# Forum Home Renovation The Garden Shed  Build own shed or buy kit and build?

## craka

Hey, 
Done a bit of a search on here trying to find out this.  
I'm considering purchasing portal frame brackets, buying purlins and cutting myself and than cladding in zincalume.  They are australian built and engineered brackets. 
It would be building the shed as a complying development, wanting a shed of 6metre by 9metre size.
Has anyone gone down this path here rather than buying just a kit off the shelf so to speak?  What are the pro and cons? It would appear cheaper to go down this path?

----------


## OBBob

From what I seem to read the kits don't seem to make it a great deal easier.

----------


## johnc

I've always found kits cheaper to buy than sourcing the bits, it seems to be the cladding that blows the budget, the kit builders must get good pricing.

----------


## commodorenut

Talk to council first about what they want to see.   
Depending on your council, and wind zone, you may need engineering drawings.  This is where a kit is much easier - they've got the drawings on file, and simply apply it to your block and charge a small fee for this "personalised" engineering.  They have previously passed engineering specs for the actual shed construction in numerous council areas, and that creates a much easier path through council. 
Going it on your own you'll have to prove it can handle what it needs to - so you're likely to need to spend $ on an engineer & drawings, to show council how you intend to DIY it, and prove that on paper it can meet their requirements.

----------


## toooldforthis

I looked at putting up a 2nd hand shed similar size to you but it wasn't worth the cost, people had high expectations on price, dismantle and transport... but in that process I approached an engineer to do the *plans for council* and he said around $250 - $400 depending on things like structure, could he see it before dismantle, location etc. 
the kits seem to be a mess, generally have a bad reputation - some people have got struck putting them up and tried to get a pro - some who wouldn't touch them, others where they take twice as long to erect cause of design.
I ended up getting a local shed builder who did good quality stuff, wasn't cheap, but I got what I wanted.... eventually. 
so long story short:
build it yourself
engineering and plans might not be too expensive

----------


## jimfish

I got a kit shed 7m x 14m . It was a seamless process. I couldn't of bought the pieces for the price I got the kit for. I have heard some stories of the process going wrong though.
Good luck which ever way you go

----------


## craka

> Talk to council first about what they want to see.   
> Depending on your council, and wind zone, you may need engineering drawings.  This is where a kit is much easier - they've got the drawings on file, and simply apply it to your block and charge a small fee for this "personalised" engineering.  They have previously passed engineering specs for the actual shed construction in numerous council areas, and that creates a much easier path through council. 
> Going it on your own you'll have to prove it can handle what it needs to - so you're likely to need to spend $ on an engineer & drawings, to show council how you intend to DIY it, and prove that on paper it can meet their requirements.

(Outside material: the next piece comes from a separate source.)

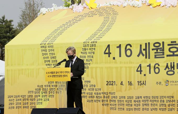 이재명 경기도지사가 세월호 참사 7주기인 16일 오후 경기 안산시 화랑유원지에서 열린 '세월호 참사 7주기 기억식 및 4·16생명안전공원 선포식'에서 추도사를 하고 있다.

  From what I understand with a complying development, I would just need a private certifier to pass it. I'm in a A1 wind zone. Already checked the regulation for height, distance from border, land to development ratio etc.

----------


## SilentButDeadly

We got the kit...then paid the supplier to build it. What would have taken us six weeks of intermittent fugging about took two blokes four days and added only a couple of grand to the cost. I have better things to do with my time.

----------


## craka

> I looked at putting up a 2nd hand shed  similar size to you but it wasn't worth the cost, people had high  expectations on price, dismantle and transport... but in that process I  approached an engineer to do the *plans for council* and he said around $250 - $400 depending on things like structure, could he see it before dismantle, location etc. 
> the kits seem to be a mess, generally have a bad reputation - some  people have got struck putting them up and tried to get a pro - some who  wouldn't touch them, others where they take twice as long to erect  cause of design.
> I ended up getting a local shed builder who did good quality stuff, wasn't cheap, but I got what I wanted.... eventually. 
> so long story short:
> build it yourself
> engineering and plans might not be too expensive

  My  understanding using the appropriate portal frame brackets, using the  adequate size purlin for rafters and columns according to span tables  should accomodate for structual integrity.
So I think I'm leaning on just building myself and not from kit apart from the brackets and bolts.   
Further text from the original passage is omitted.